Tuesday, June 10, 2008

Finally done

well I am finally done for the quarter and looking forward to my summer break. Even if the kids drive me nuts. With the price of gas these days, we will be sticking close to home and walking to the lake instead of driving. I need to start exercising again anyhow.

I did not do well on my last two test for my computer classes but I just decided oh well. I know...dont faint. I have been so anal about my grades since I started. I might actually get a B in one of those classes. Haven't had that in a while. I just dont' want to lose my Dean's List status. I think with that, I will graduate with honors. I am not sure so I need to find out.
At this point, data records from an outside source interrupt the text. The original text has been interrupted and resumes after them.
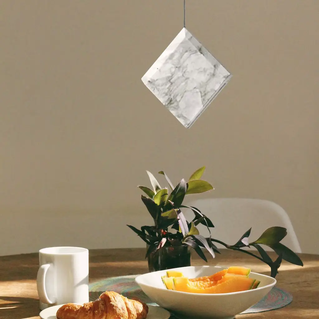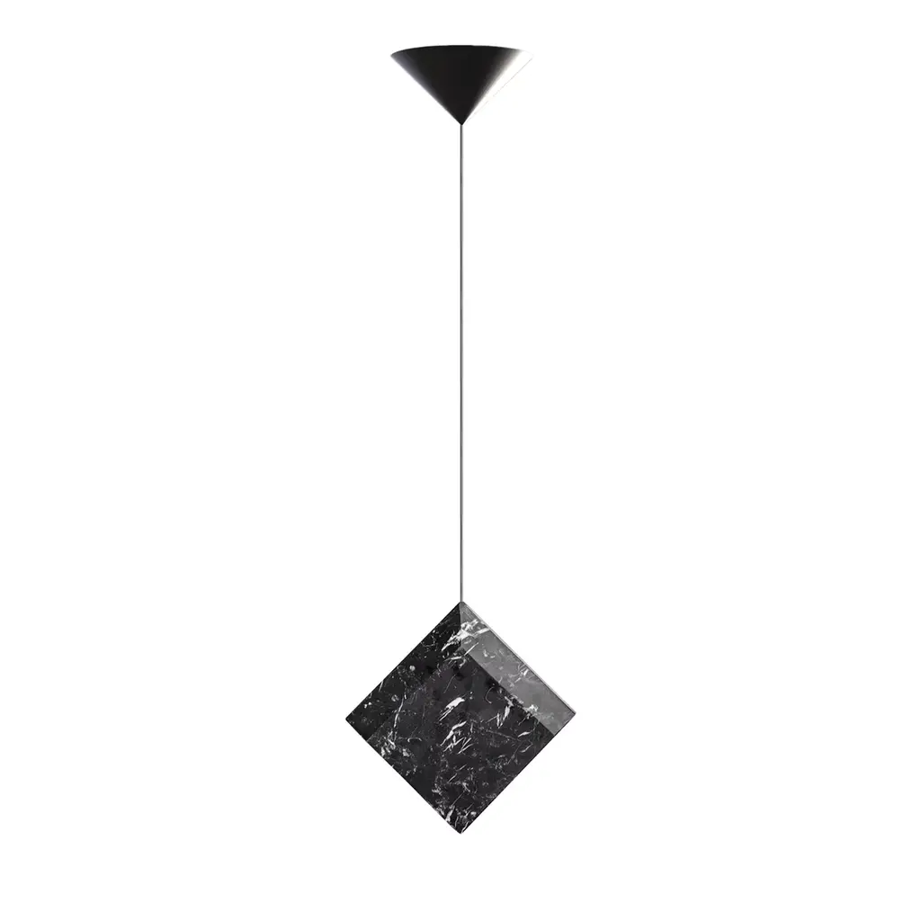 This stylish lamp is composed of a thin square in marble, a single emission of LED light, and a suspension with steel wires. It is a lamp with an essential geometry that enhances the quality of handcrafted marble and the high technology of the LED lighting system. An object that does not invade the environment but furnishes it with class, thanks also to an enveloping and discreet light that guarantees a high Visual Comfort. The voltage is 110/220v with 5W LED and 2700K light temperature.
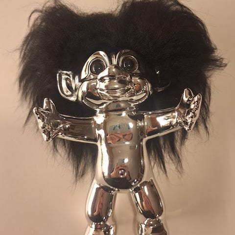 Lykketrold, Udført af oliebehandlet egetræ. med rulleøjne
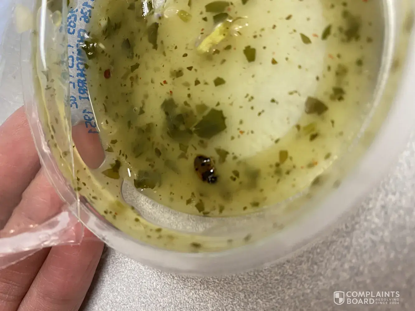 Date of Incident: 1/14/2020 Client: Angel Lam [protected] Email: [protected]@gmail.com As I was eating a pre-packaged salad that was bought from the veggie/produce aisle the night before (1/13/2020), I noticed there was a dead ladybug in the dressing container provided. I immediately threw out the rest, however I have already eating about 90% of the salad...
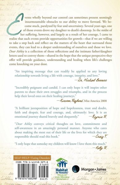 "Dear Ashley" is unique, in part, because it is not written from the perspective of the sufferer, the treatment professional or the medical or psychological researcher. Instead, it may be the first time a dad has shared his perspective on his daughter's eating disorder battle in print, let alone done so in such an engaging, intimate and heart-warming manner. The fact that Don Blackwell offers that perspective, openly and honestly, is one of many reasons parents and young adults are likely to be drawn to the book's life-affirming message of hope.
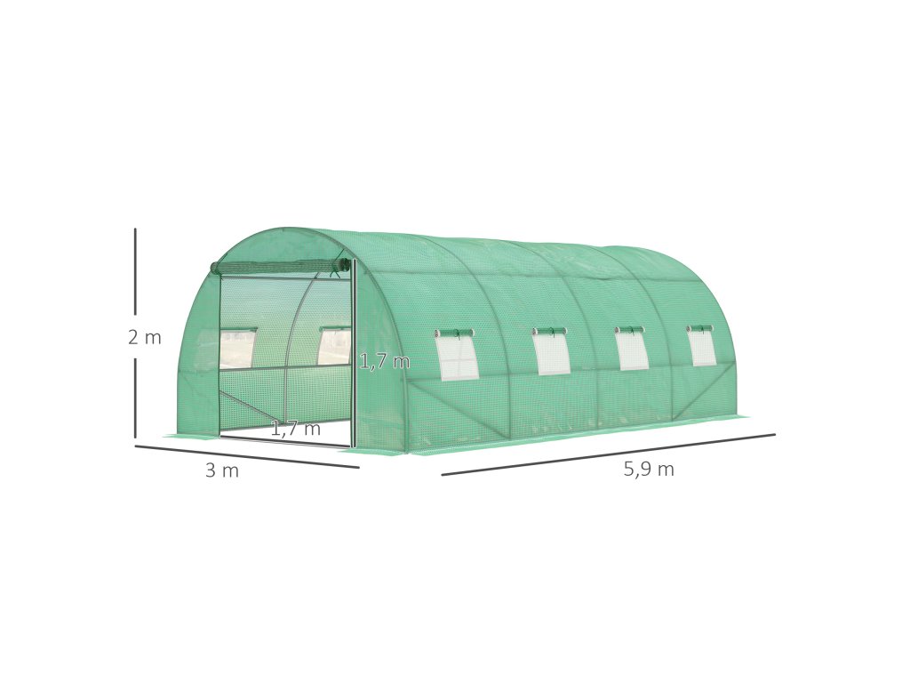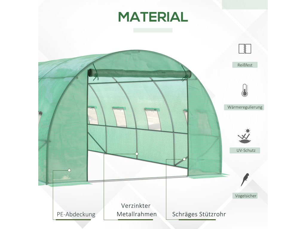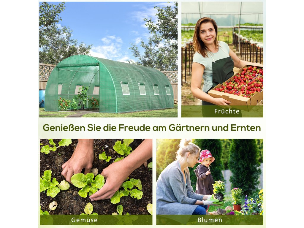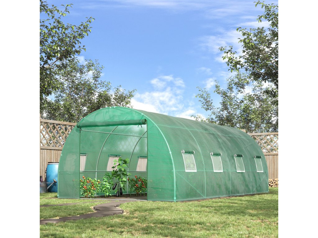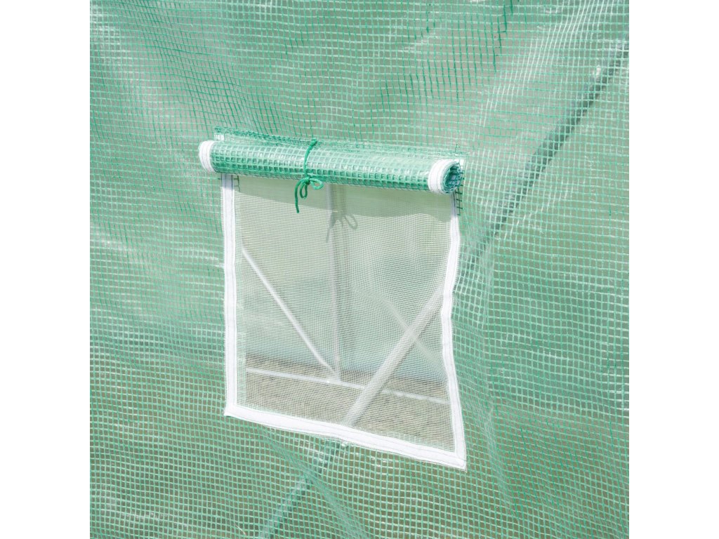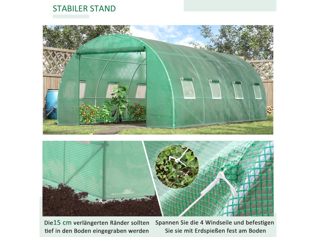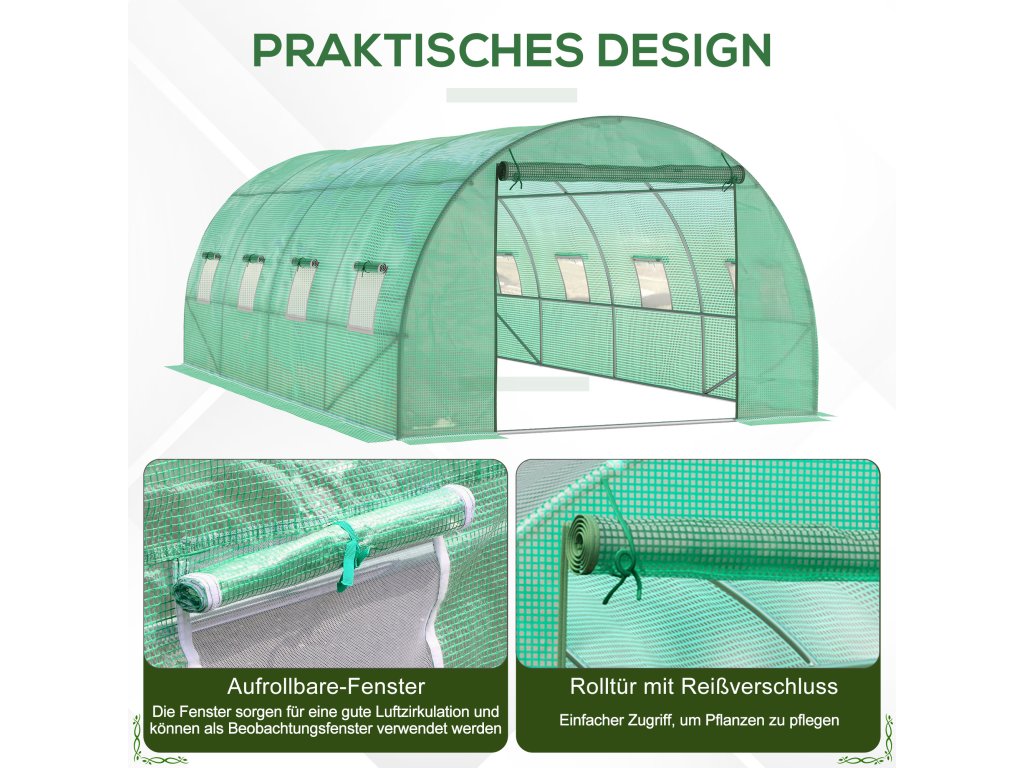 Fóliový skleník Outsunny o rozměrech cca 6 x 3 x 2 m s 8 okny, rolovacími dveřmi, rolovacími bočními stěnami, fóliovým tunelem odolným proti UV záření, zimním domkem na rajčata s ukotvením v zemi, zelený
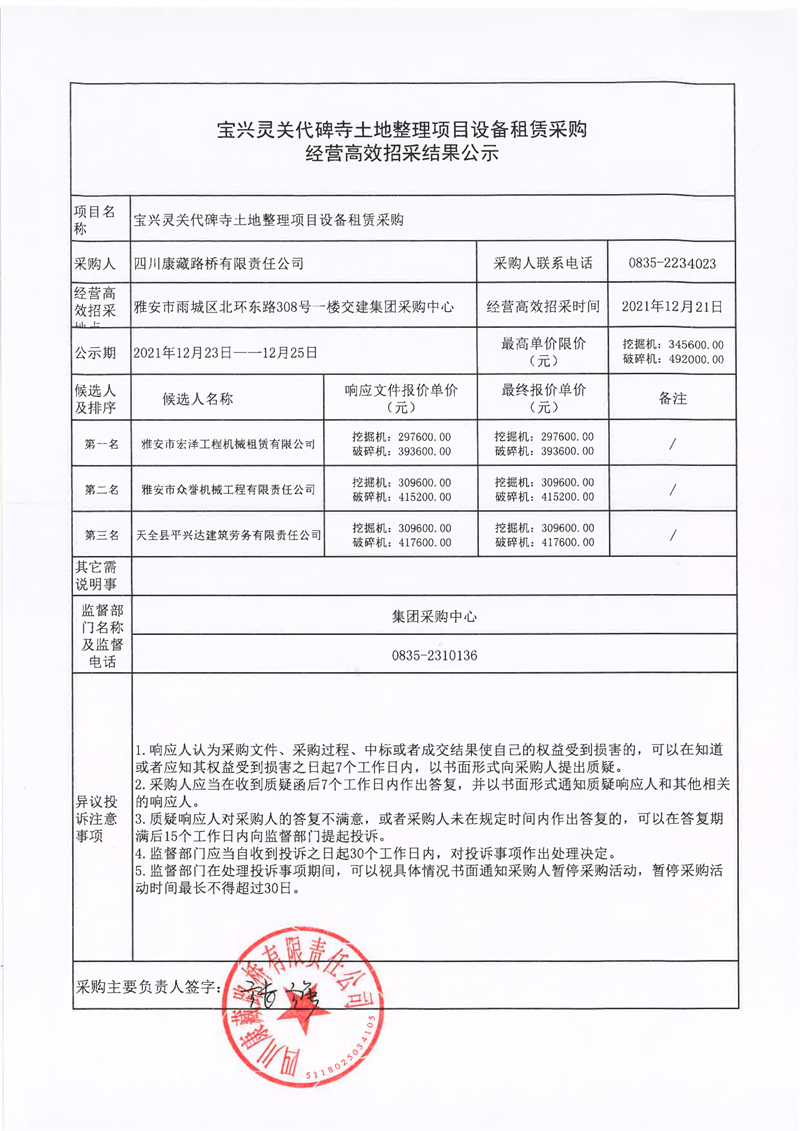 四川康藏路橋有限責(zé)任公司寶興靈關(guān)代碑寺土地整理項目設(shè)備租賃采購經(jīng)營高效招采結(jié)果公示

Got lunch dates for the next two days and then a meeting at JC's school on Friday. Time for the mommy to kick some ass there. No more pushing me around. I will get what I want even if I have to hire a freaking lawyer. Hear me roar.

I'm out...bed time.

Chow~~

Sunday, June 08, 2008

UGH!!!!!

I just don't know what to do anymore. I have completely failed at being a mom with JC. I just grounded him until at least school gets out, no phone, no computer, no TV, no social life and threatened to find summer school for him and he still would not to a flippin' book report that is over a week late. He has only read about 18 pages in a month at school. I am sure he thinks I won't follow thru with this all but I will. He now does not get to go to the end of the year school dance. If I can find him a summer school to attend, I am going to continue his grounding until school starts. I guess I will have to find a babysitter for him so Christopher and I could go to the lake or just wait until Joe gets home. My mom said she has a small pool Christopher and I can use at the house to help out. I am so frustrated. Plus I don't really feel like I have anyone I can talk to. Everyone I called is not home and I can only talk to my mom for so long. I feel like such a loser in so many ways right now. I feels like everything is closing in on me right now. I only have two more days of school and I am behind in my computer lab classes. I am having a hard time with Excel and I don't know that I can pass the test I need to take. Fuck I hate my life. It just sucks.